One of the most impressive aspects of Fort Dunree is the landscape in which it is set. The present day form of that landscape is the result of millions of years of volcanic activity and erosion by wind and ice. The Urris hills and the other mountains of North Donegal are the remnants of an ancient mountain range that ran from Norway through Scotland and Ireland into Newfoundland and Canada, before the Atlantic Ocean existed. They are believed to have been higher than the Himalayas are today. The resulting folding and contortions can be seen in the exposed rock of the sea cliffs.
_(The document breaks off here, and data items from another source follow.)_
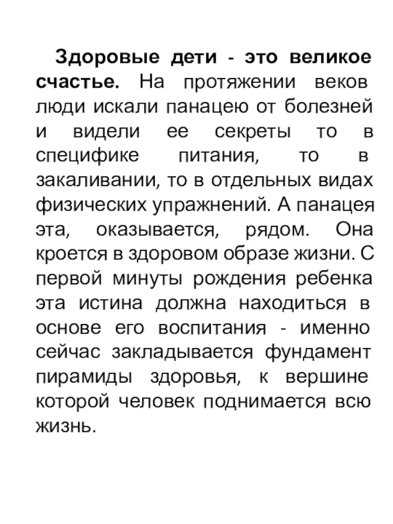 люди искали панацею от болезней и видели ее секреты то в специфике питания, то в закаливании, то в отдельных видах физических упражнений. А панацея эта, оказывается, рядом. Она кроется в здоровом образе жизни. С первой минуты рождения ребенка эта истина должна находиться в основе его воспитания - именно сейчас закладывается фундамент пирамиды здоровья, к вершине которой человек поднимается всю жизнь.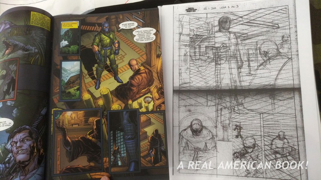 This is fun, a three-ring binder of photocopies of Blaylock’s art layouts for issue #1, with a regular G.I. Joe issue #1 next to it for comparison. Here’s page 2 of the Kurth/Larter final with Blaylock’s roughs of that same page: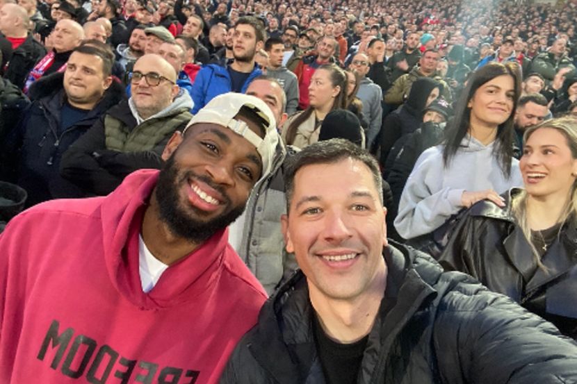 A na severnoj tribini zajedno sa najvatrenijim navijačima bila su dva veoma dobro poznata imena. Jedno je naš dosta dobro poznati glumac, Viktor Savić, a odmah pored njega i prvotimac košarkaške sekcije Crvene zvezde, Kodi Miler Mekintajer.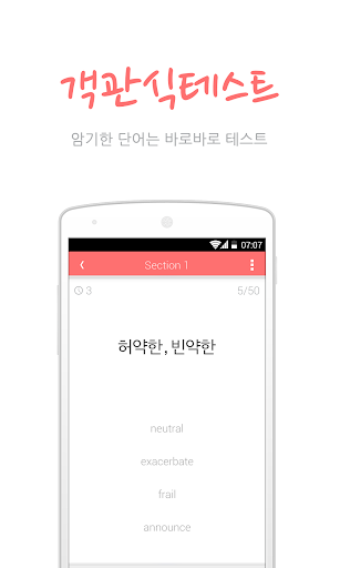 객관식 테스트 - 주어진 뜻에 맞는 단어를 객관식으로 선택하는 테스트 모드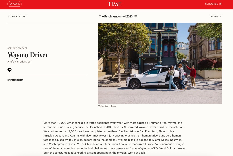 当地时间10月9日,全球权威新闻周刊《时代》将无人驾驶技术列入2025年最佳发明榜单。值得注意的是,《时代》还特意将中国的“萝卜快跑”标注为Waymo在全球“最大的竞争对手”。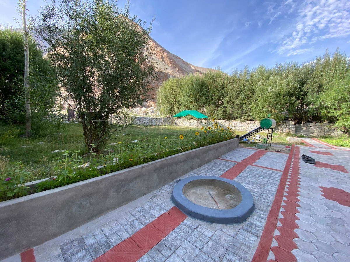 Nuestra casa artesanal es una casa privada situada en el pueblo de Choglamsar, un barrio residencial tranquilo de Leh con mucha vegetación. Estamos lejos del bullicio de Leh, pero aún así muy cerca, a 7 km de Leh. Comenzamos a construir esta casa en 2019 con la idea de crear un espacio que se sienta parte de la tierra sobre la que está construido y en armonía con el ecosistema de Ladakh. Nos encanta cocinar para nuestros huéspedes, por lo que la cena y el desayuno están incluidos si lo deseas.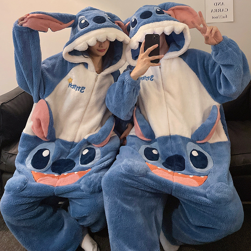 冬の連体カップルのパジャマの女性漫画のスティッチとベルベットの厚い保温男性のフランネルと帽子の家の服
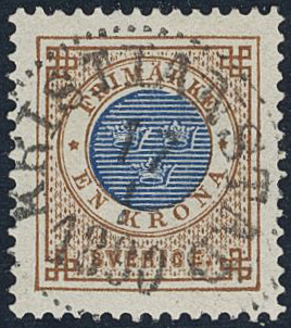 Sweden. Facit 49a used, 1 Krona orange-brown/blue. Superb cancellation KRISTIANSTAD 17.1.1890.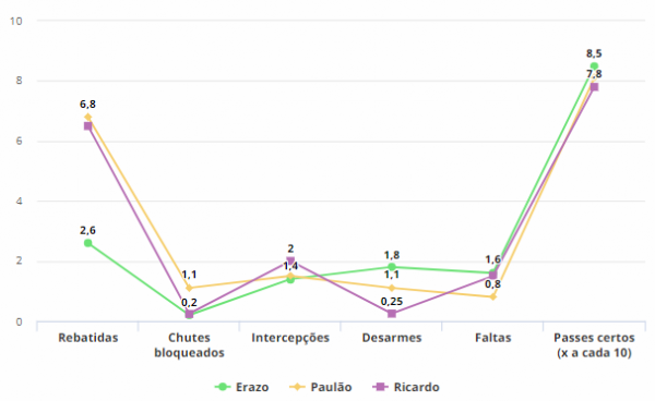 Os números, porém, mostram que o desempenho de Ricardo é parecido com o dos outros dois. Pegando os jogos da Libertadores como recorte (por dados disponíveis e nível comparativo), ele vai bem nas rebatidas e intercepções, mas peca nos desarmes. Veja o gráfico abaixo:
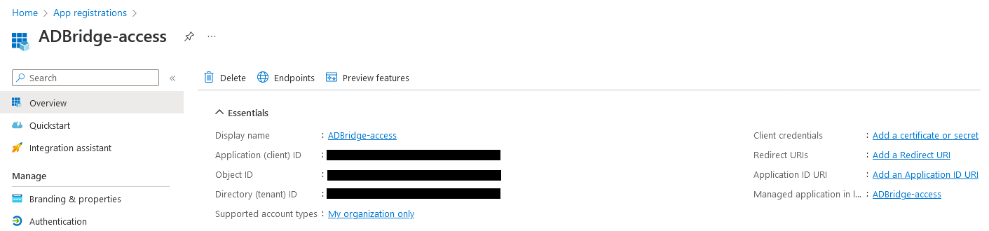 - Create an app registration and gather the Client ID and Directory (tenant) ID from it.

The action of the ice ages, the last ended about 13,000 years ago, helped carve out the sea loughs of Lough Swilly and Lough Foyle surrounding the peninsula of Inishowen. Ice sheets 1,000m thick slowly ground their way along, gouging out valleys and depositing hills of gravel. As the larger ice sheets retreated northward smaller glaciers sculpted the rock. A good example can be seen just over Mamore Gap to the right of the road, where there is a small pool in a corrie. This is the ‘nest’ of one of these smaller glaciers.


Trees gradually returned to the landscape until the climate became wetter about 5,000 years ago and the higher more exposed ground gave way to bogland. We call this type of bogland Atlantic Blanket Bog. The reminants of the ancient woodland can still be seen.


The island of Inishtrahull which lies about 10k NE of Malin Head is part of an even older land formation which was once joined to what is now Greenland. Geologists have estimated the rocks of Inishtrahull to be 1,750m years old making them the oldest in Ireland.